## Data excerpts
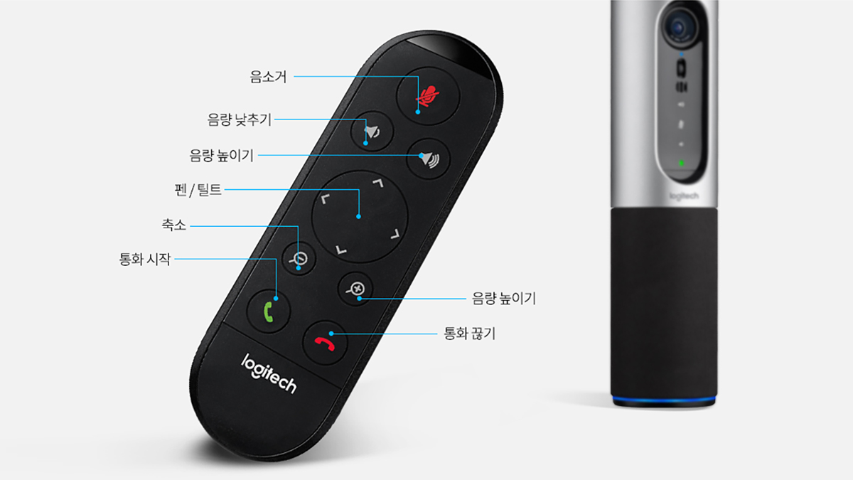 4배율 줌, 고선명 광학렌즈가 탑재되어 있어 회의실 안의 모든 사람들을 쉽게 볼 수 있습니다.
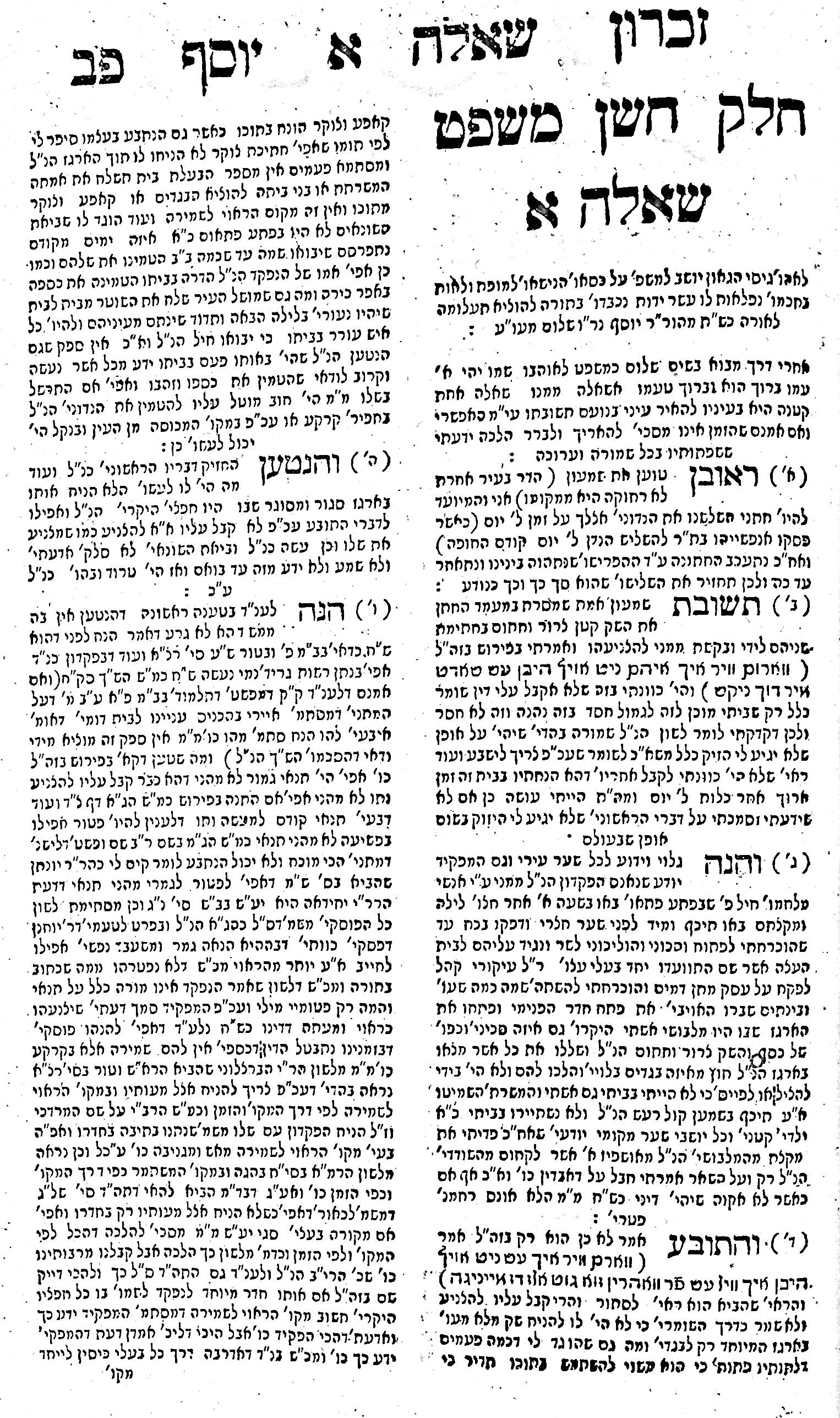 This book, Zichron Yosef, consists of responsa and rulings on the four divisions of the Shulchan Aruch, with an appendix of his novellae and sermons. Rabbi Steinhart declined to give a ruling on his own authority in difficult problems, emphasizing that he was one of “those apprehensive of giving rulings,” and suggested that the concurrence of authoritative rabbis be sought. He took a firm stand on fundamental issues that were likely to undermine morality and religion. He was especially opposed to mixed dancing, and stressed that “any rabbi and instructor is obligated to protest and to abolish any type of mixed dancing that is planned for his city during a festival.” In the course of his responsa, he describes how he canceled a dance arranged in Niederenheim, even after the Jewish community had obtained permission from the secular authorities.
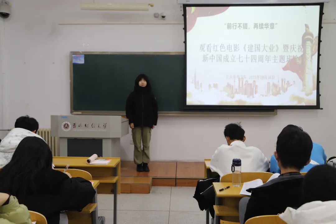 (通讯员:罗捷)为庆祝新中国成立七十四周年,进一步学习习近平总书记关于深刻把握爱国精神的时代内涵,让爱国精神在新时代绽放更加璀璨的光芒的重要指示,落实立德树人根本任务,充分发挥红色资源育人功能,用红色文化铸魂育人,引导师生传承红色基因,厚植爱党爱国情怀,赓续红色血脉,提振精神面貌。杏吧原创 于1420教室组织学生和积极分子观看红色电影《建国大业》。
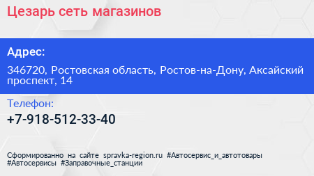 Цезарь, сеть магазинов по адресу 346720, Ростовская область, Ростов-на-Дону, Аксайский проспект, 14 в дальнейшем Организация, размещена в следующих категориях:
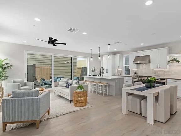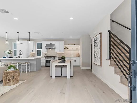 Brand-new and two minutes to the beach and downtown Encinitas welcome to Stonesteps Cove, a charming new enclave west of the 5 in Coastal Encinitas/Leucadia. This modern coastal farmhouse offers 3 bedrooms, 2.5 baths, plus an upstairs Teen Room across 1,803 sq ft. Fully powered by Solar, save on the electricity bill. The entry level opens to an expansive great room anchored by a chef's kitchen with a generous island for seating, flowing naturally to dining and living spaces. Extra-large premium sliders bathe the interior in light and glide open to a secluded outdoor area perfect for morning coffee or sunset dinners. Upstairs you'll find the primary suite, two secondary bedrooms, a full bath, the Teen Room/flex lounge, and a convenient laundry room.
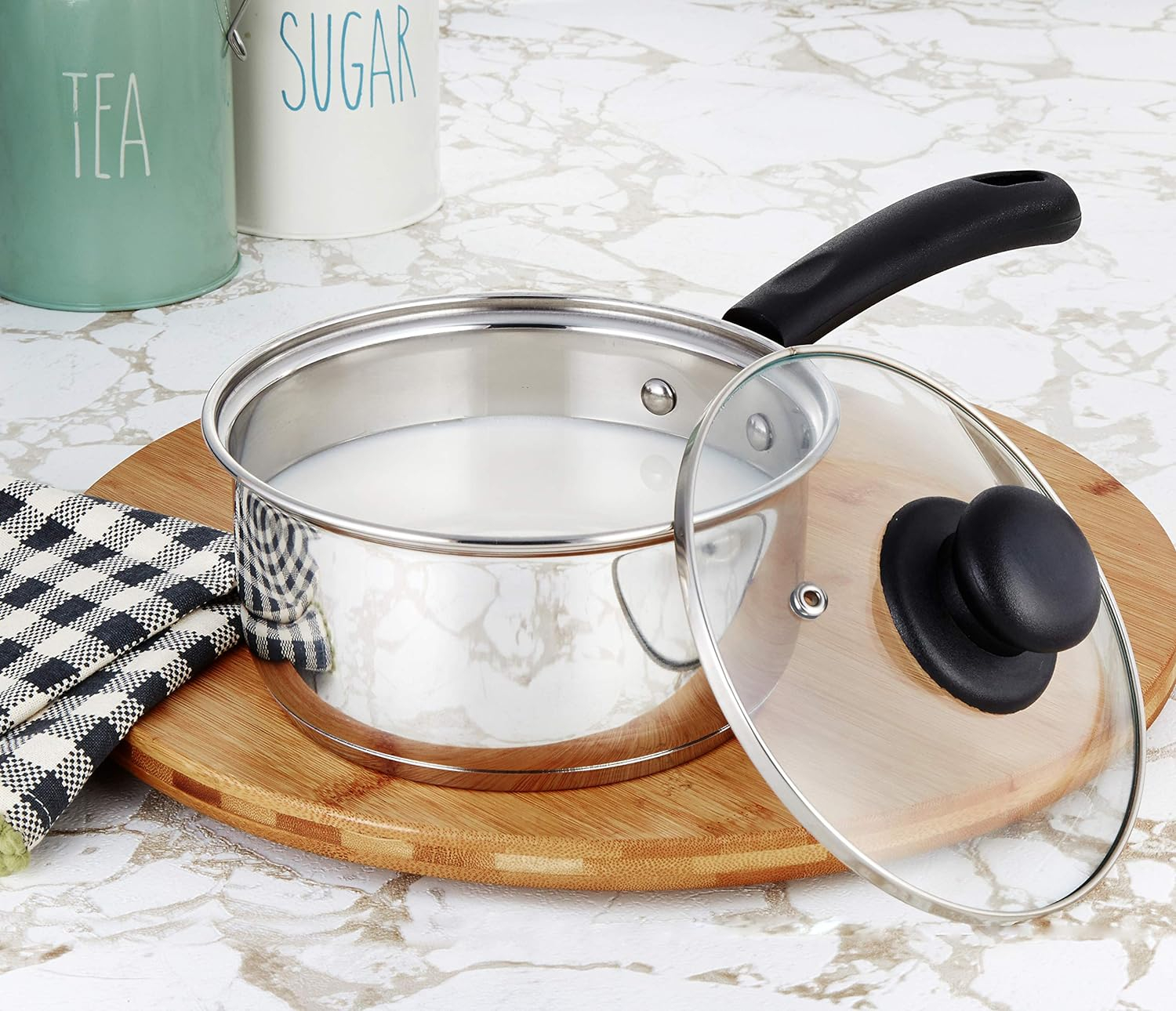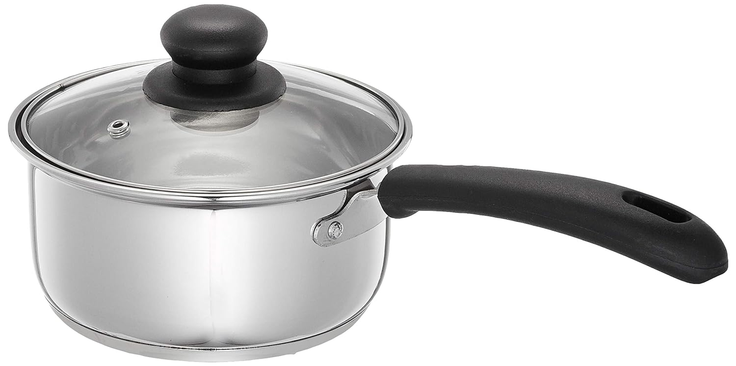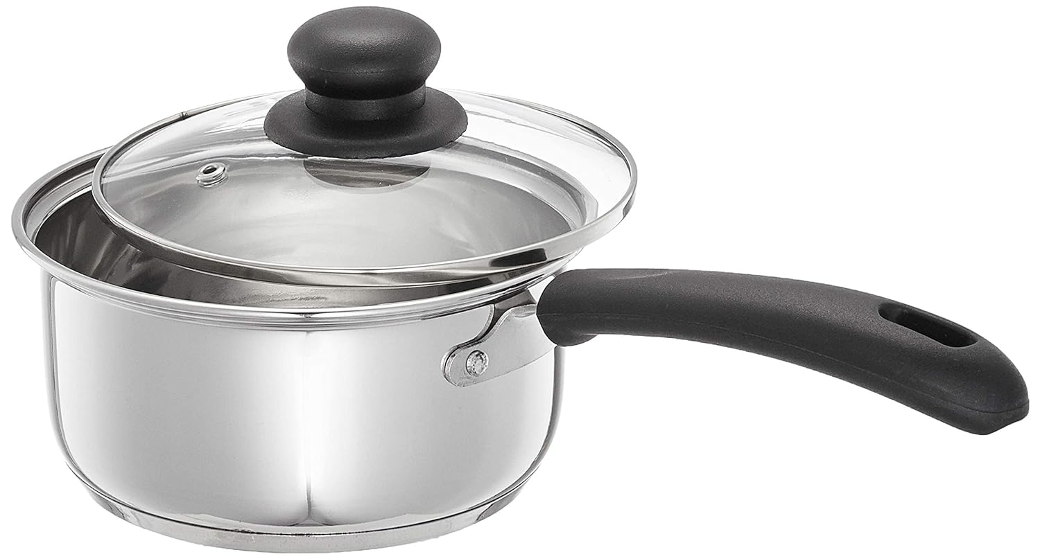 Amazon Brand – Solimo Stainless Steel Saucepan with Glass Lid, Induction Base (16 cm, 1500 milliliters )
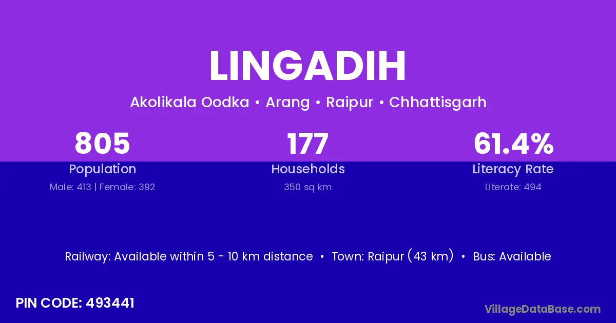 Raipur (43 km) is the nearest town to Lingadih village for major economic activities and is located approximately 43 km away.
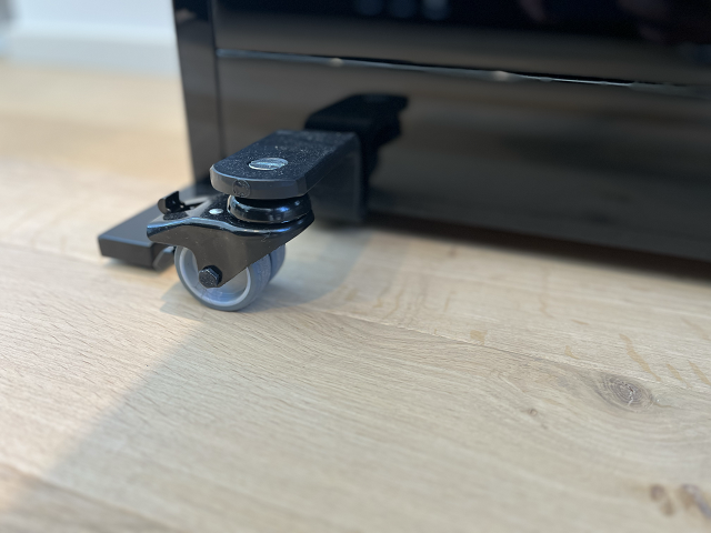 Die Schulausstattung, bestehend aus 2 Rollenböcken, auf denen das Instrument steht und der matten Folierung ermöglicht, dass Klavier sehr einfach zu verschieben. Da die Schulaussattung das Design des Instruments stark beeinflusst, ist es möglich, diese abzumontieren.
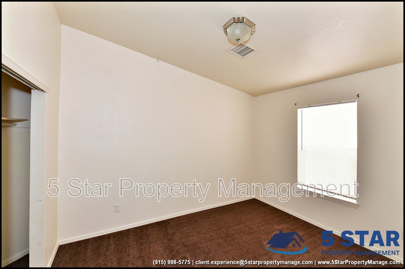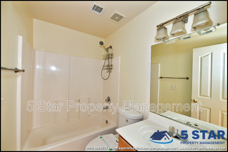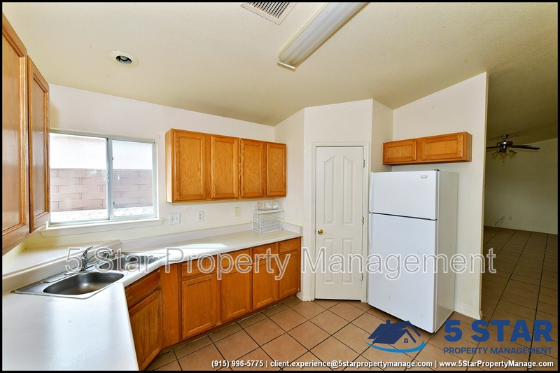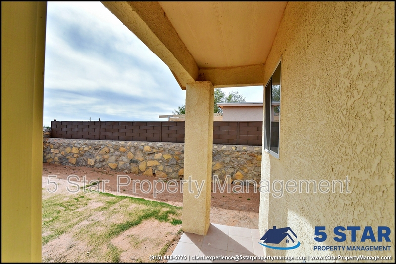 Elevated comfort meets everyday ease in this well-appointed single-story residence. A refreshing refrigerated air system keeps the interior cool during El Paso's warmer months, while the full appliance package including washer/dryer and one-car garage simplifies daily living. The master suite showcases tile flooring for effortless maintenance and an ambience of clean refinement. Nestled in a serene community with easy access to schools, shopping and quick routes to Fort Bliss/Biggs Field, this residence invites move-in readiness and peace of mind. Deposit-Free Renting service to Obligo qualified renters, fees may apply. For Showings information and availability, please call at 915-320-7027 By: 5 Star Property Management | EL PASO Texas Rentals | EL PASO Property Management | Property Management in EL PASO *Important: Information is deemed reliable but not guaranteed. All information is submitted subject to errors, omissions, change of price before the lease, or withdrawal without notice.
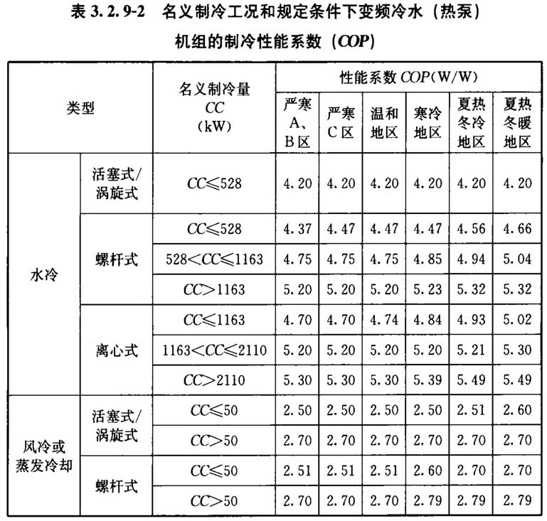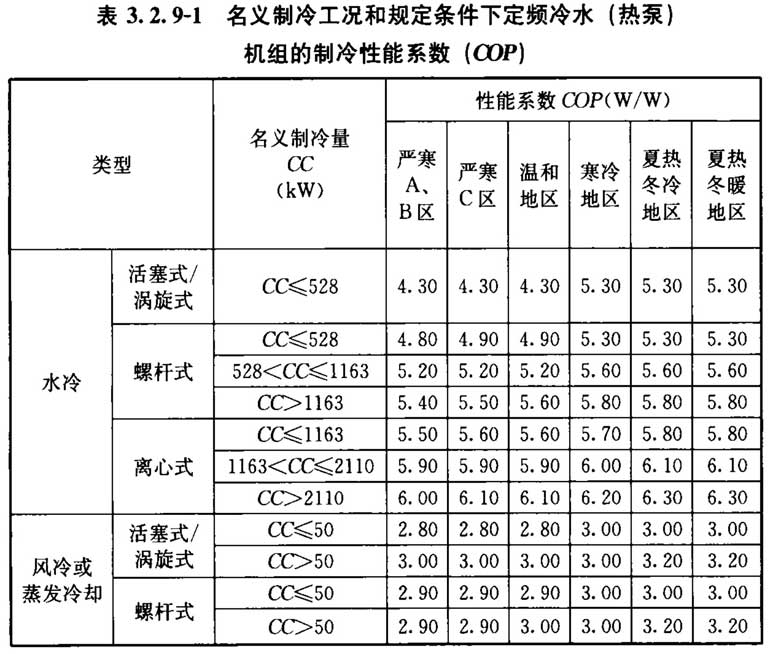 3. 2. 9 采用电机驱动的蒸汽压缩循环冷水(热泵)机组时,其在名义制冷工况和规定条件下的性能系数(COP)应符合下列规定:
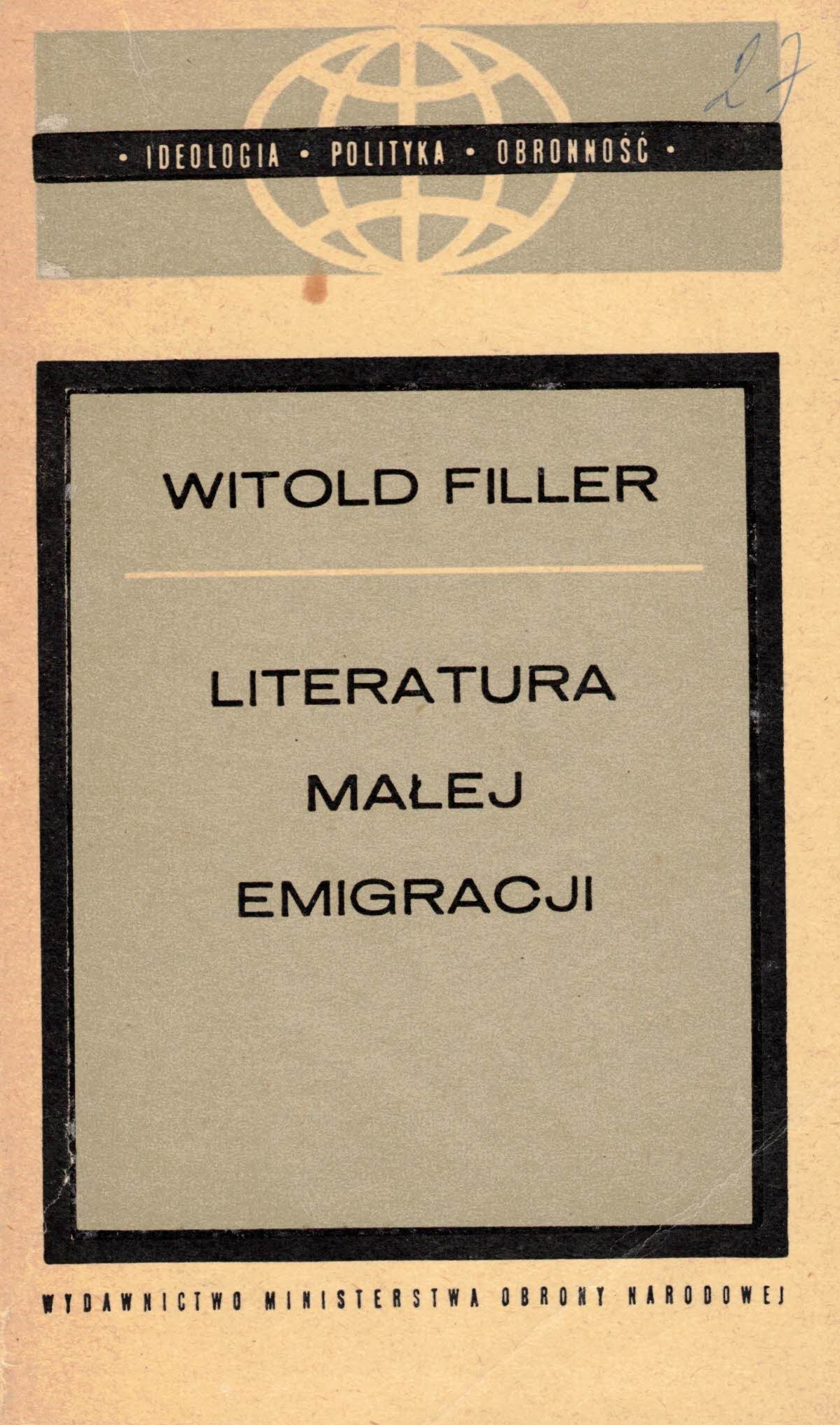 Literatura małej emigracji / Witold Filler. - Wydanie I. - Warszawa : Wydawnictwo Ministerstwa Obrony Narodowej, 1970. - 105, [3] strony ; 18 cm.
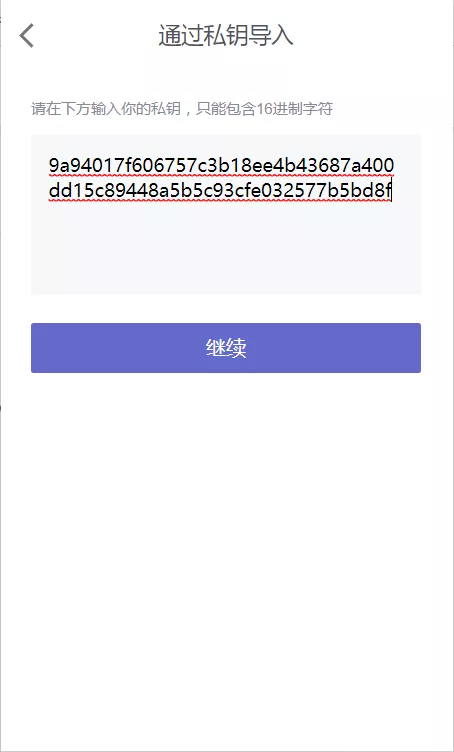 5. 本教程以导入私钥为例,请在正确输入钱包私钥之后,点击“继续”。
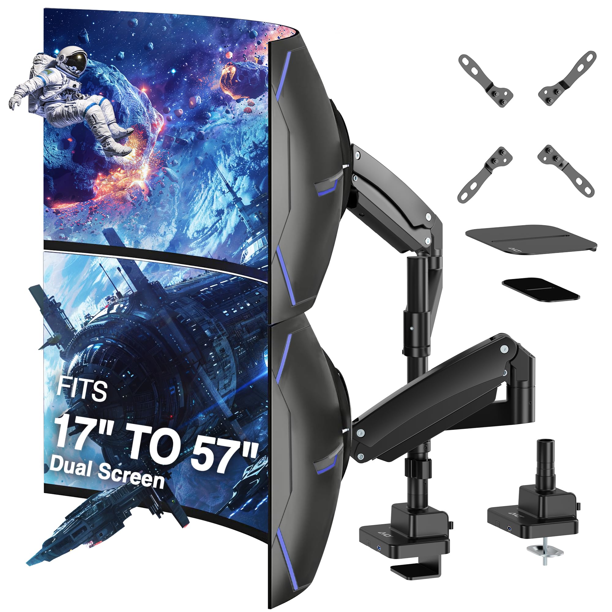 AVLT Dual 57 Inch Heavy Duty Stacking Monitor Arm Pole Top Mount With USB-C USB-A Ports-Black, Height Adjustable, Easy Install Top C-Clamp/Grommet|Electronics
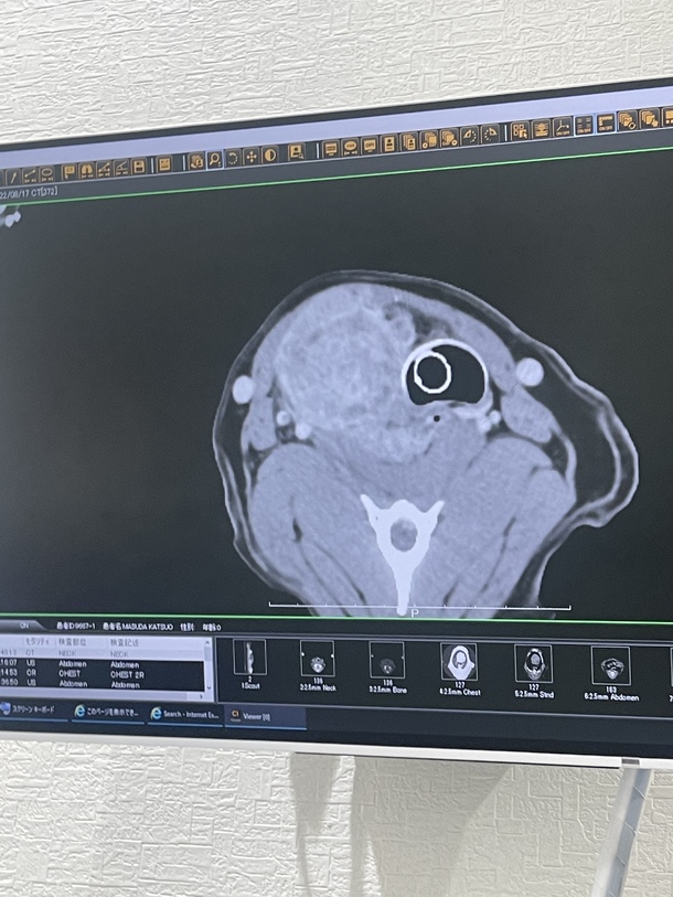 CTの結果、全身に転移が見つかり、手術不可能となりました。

## Description of the task
Every line from the top of the material above through the line with "Цезарь, сеть магазинов" should be duplicated exactly, please; leave out the pictures.

## Result for this exercise
 4배율 줌, 고선명 광학렌즈가 탑재되어 있어 회의실 안의 모든 사람들을 쉽게 볼 수 있습니다.
 This book, Zichron Yosef, consists of responsa and rulings on the four divisions of the Shulchan Aruch, with an appendix of his novellae and sermons. Rabbi Steinhart declined to give a ruling on his own authority in difficult problems, emphasizing that he was one of “those apprehensive of giving rulings,” and suggested that the concurrence of authoritative rabbis be sought. He took a firm stand on fundamental issues that were likely to undermine morality and religion. He was especially opposed to mixed dancing, and stressed that “any rabbi and instructor is obligated to protest and to abolish any type of mixed dancing that is planned for his city during a festival.” In the course of his responsa, he describes how he canceled a dance arranged in Niederenheim, even after the Jewish community had obtained permission from the secular authorities.
 (通讯员:罗捷)为庆祝新中国成立七十四周年,进一步学习习近平总书记关于深刻把握爱国精神的时代内涵,让爱国精神在新时代绽放更加璀璨的光芒的重要指示,落实立德树人根本任务,充分发挥红色资源育人功能,用红色文化铸魂育人,引导师生传承红色基因,厚植爱党爱国情怀,赓续红色血脉,提振精神面貌。杏吧原创 于1420教室组织学生和积极分子观看红色电影《建国大业》。
 Цезарь, сеть магазинов по адресу 346720, Ростовская область, Ростов-на-Дону, Аксайский проспект, 14 в дальнейшем Организация, размещена в следующих категориях:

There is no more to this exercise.